The entries that follow should be reproduced exactly, with no images carried over.

*** SOURCE INFORMATION

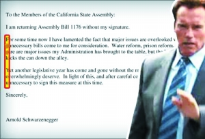 湯姆·阿米阿諾與幾位議員提出了一項(xiàng)法案,希望加州能在舊金山地區(qū)創(chuàng)建基礎(chǔ)設(shè)施融資區(qū),采取融資計(jì)劃推動(dòng)這些地區(qū)的基礎(chǔ)設(shè)施建設(shè)。通常此類法案如果不是問(wèn)題太多的話,州長(zhǎng)會(huì)予以批準(zhǔn)。但湯姆·阿米阿諾與施瓦辛格素來(lái)看不對(duì)眼,本月初又在集會(huì)上批評(píng)施瓦辛格的施政方式,還大罵他是“騙子”。施瓦辛格否決了這項(xiàng)提案,并在否決信上以藏頭詩(shī)的形式對(duì)阿米阿諾議員予以反擊,即信件每行第一個(gè)字母連起來(lái)就是“T(Tom),I f k you,A(Arnold Schwarzenegger)”。州長(zhǎng)辦公室新聞發(fā)言人稱此事純屬巧合,“試想每天寫那么多否決信,這種巧合的出現(xiàn)是遲早的事!
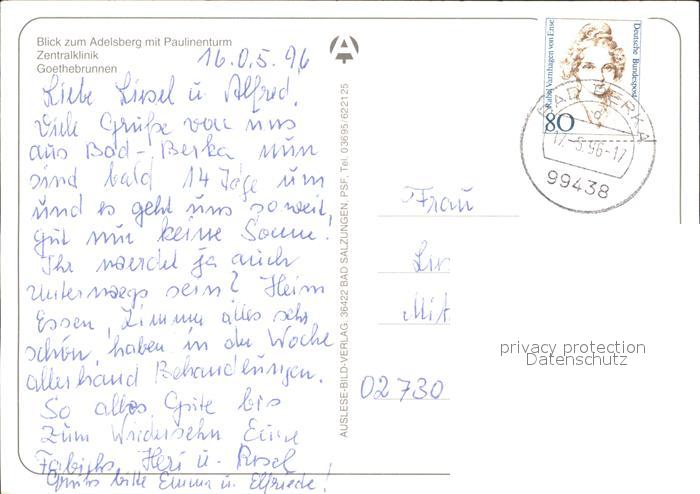72337064 alte Postkarte Bad Berka Blick zum Adelsberg Paulinenturm Zentralklinik Goethebrunnen postalisch gelaufen Erhaltung siehe scans KatCode: 11110016071003
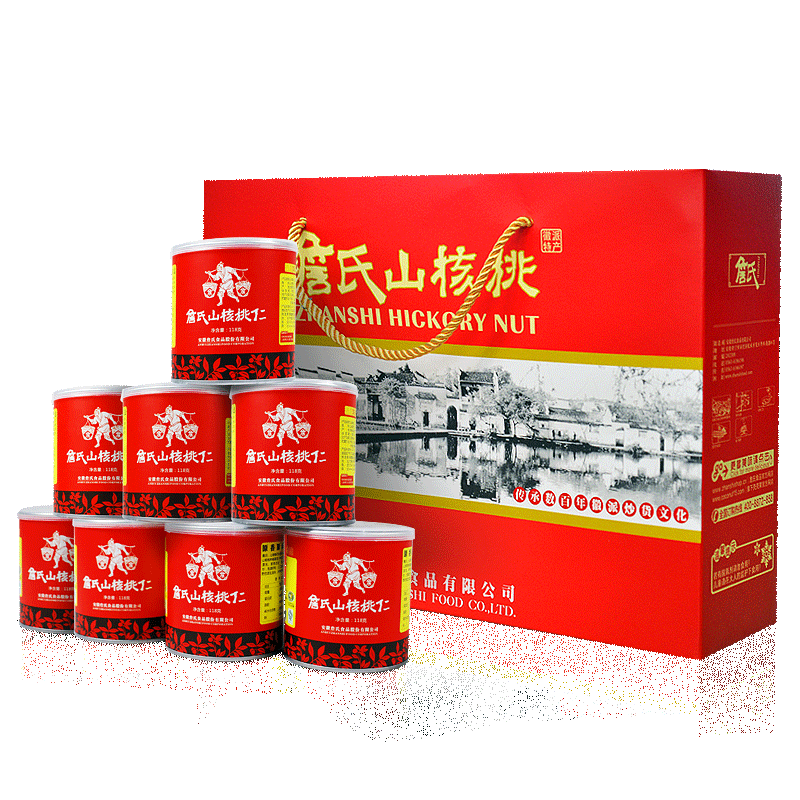 8 red jars of pecan kernels 8 cans of fragrant berries each half of the hickory kernels 8 green jars of sugar-free hickory kernels 8 powder jars of pine nuts each of the 8 powder jars of recreational pecan kernels
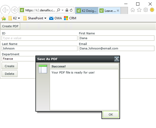 - Complete the view fields, with the exception of ID. (The ID is an autonumber that K2 adds when creating a record in the SmartObject.) Click Create PDF. You see the confirmation message (that appears after K2 creates the PDF file). Click OK. Notice the view fields clear, allowing you to input new details.
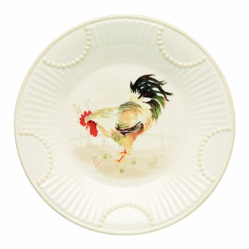 Butler's Pantry Buffet Golden Rooster Accent Plate by Lenox. With feathers the color of a golden sunrise, a proud rooster graces the center of this Butler's Pantry accent plate. In the background is a muted barnyard scene. The rim bears the familiar Butler's Pantry Buffet fluting and raised dots.
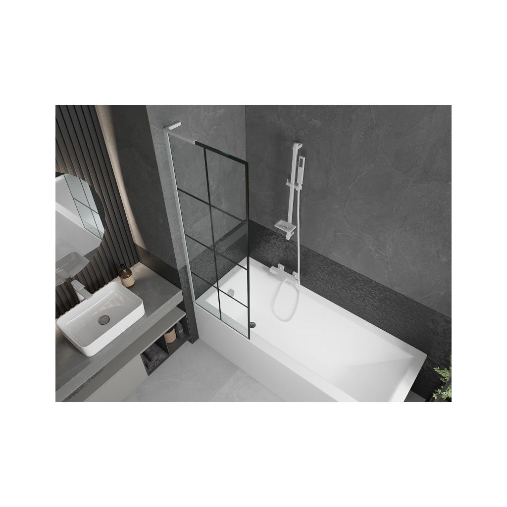 Mexen Next L, paravan de baie cu 1 aripă 60 x 150 cm, model sticlă transparentă-negru de 6 mm, profil alb, 895-060-000-03-77-20
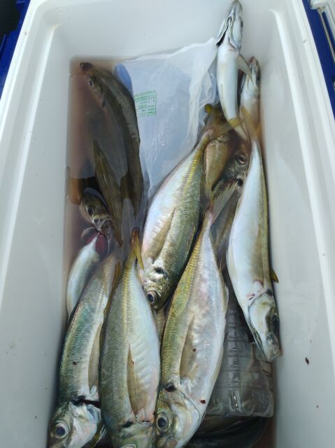 日中のイサギ狙いは、依然コンスタント。30cm前後を主体で1人30尾前後上げており、ボリュームある土産になっているほか、マイカとのリレー便で2本立ても楽しめます。
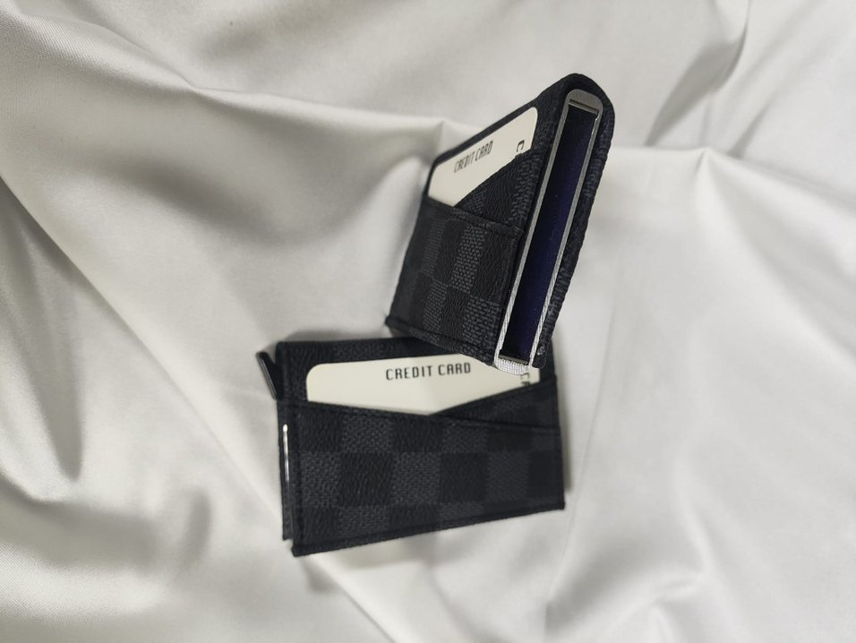 Kareli desene sahip siyah erkek cüzdanı, kredi kartları için çoklu bölmelerle sokak stili ve iş görünümünü birleştirir.

******

> [SOLUTION TO THIS TASK]
 湯姆·阿米阿諾與幾位議員提出了一項(xiàng)法案,希望加州能在舊金山地區(qū)創(chuàng)建基礎(chǔ)設(shè)施融資區(qū),采取融資計(jì)劃推動(dòng)這些地區(qū)的基礎(chǔ)設(shè)施建設(shè)。通常此類法案如果不是問(wèn)題太多的話,州長(zhǎng)會(huì)予以批準(zhǔn)。但湯姆·阿米阿諾與施瓦辛格素來(lái)看不對(duì)眼,本月初又在集會(huì)上批評(píng)施瓦辛格的施政方式,還大罵他是“騙子”。施瓦辛格否決了這項(xiàng)提案,并在否決信上以藏頭詩(shī)的形式對(duì)阿米阿諾議員予以反擊,即信件每行第一個(gè)字母連起來(lái)就是“T(Tom),I f k you,A(Arnold Schwarzenegger)”。州長(zhǎng)辦公室新聞發(fā)言人稱此事純屬巧合,“試想每天寫那么多否決信,這種巧合的出現(xiàn)是遲早的事!
72337064 alte Postkarte Bad Berka Blick zum Adelsberg Paulinenturm Zentralklinik Goethebrunnen postalisch gelaufen Erhaltung siehe scans KatCode: 11110016071003
 8 red jars of pecan kernels 8 cans of fragrant berries each half of the hickory kernels 8 green jars of sugar-free hickory kernels 8 powder jars of pine nuts each of the 8 powder jars of recreational pecan kernels
 - Complete the view fields, with the exception of ID. (The ID is an autonumber that K2 adds when creating a record in the SmartObject.) Click Create PDF. You see the confirmation message (that appears after K2 creates the PDF file). Click OK. Notice the view fields clear, allowing you to input new details.
 Butler's Pantry Buffet Golden Rooster Accent Plate by Lenox. With feathers the color of a golden sunrise, a proud rooster graces the center of this Butler's Pantry accent plate. In the background is a muted barnyard scene. The rim bears the familiar Butler's Pantry Buffet fluting and raised dots.
 Mexen Next L, paravan de baie cu 1 aripă 60 x 150 cm, model sticlă transparentă-negru de 6 mm, profil alb, 895-060-000-03-77-20
 日中のイサギ狙いは、依然コンスタント。30cm前後を主体で1人30尾前後上げており、ボリュームある土産になっているほか、マイカとのリレー便で2本立ても楽しめます。
 Kareli desene sahip siyah erkek cüzdanı, kredi kartları için çoklu bölmelerle sokak stili ve iş görünümünü birleştirir.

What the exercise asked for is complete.